[mcintyre1994]

That second link is seriously scary, how would you ever avoid falling for that? Does anyone know how it works? Going to https://tranquil-bits.surge.sh I'm guessing I'm seeing the attacker's form, but it has duckduckgo.com/vpn as the URL and https.

Edit: If you click submit on the VPN form you get "This could have been a phishing page." so it's definitely the attacker's form, that's crazy.

[discordianfish]

The problem is the XSS vulnerability. This means the attacker can run arbitrary JS on the site, which I assume is used in the second link to modify the form handlers to run the "This could have been a phishing page.". And yes, that could be used to send the credentials somewhere.

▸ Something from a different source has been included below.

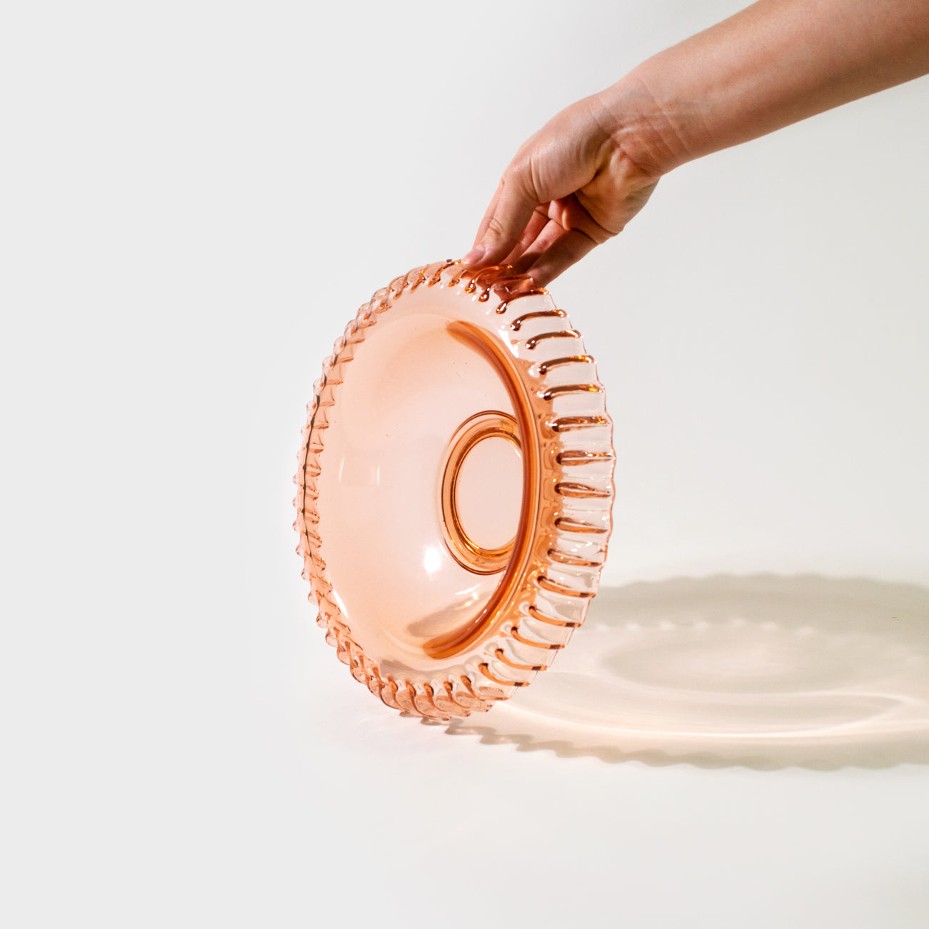Pink Glass Console Bowl with Rolled and Crimped Edge

There isn't anything you can do to spot this. This is on DuckDuckGo to fix and they not responding to the report for such long time is irresponsible and not really excusable.

[mcintyre1994]

They're faking the URL too though - https://duckduckgo.com/vpn isn't a real site or product - it just redirects to a DDG search for vpn. The page is entirely the attacker's, but it shows DDG's domain with https.

It looks like tranquil-bit.surge.sh redirects to http://tranquil-bit.surge.sh/vpn so maybe DDG are somehow setting the URL to whatever the u= param redirects to?

[jchw]

The URL faking is with the HTML5 history API. It's possible to fake any URL on that domain because the JavaScript is executed in the context of that domain.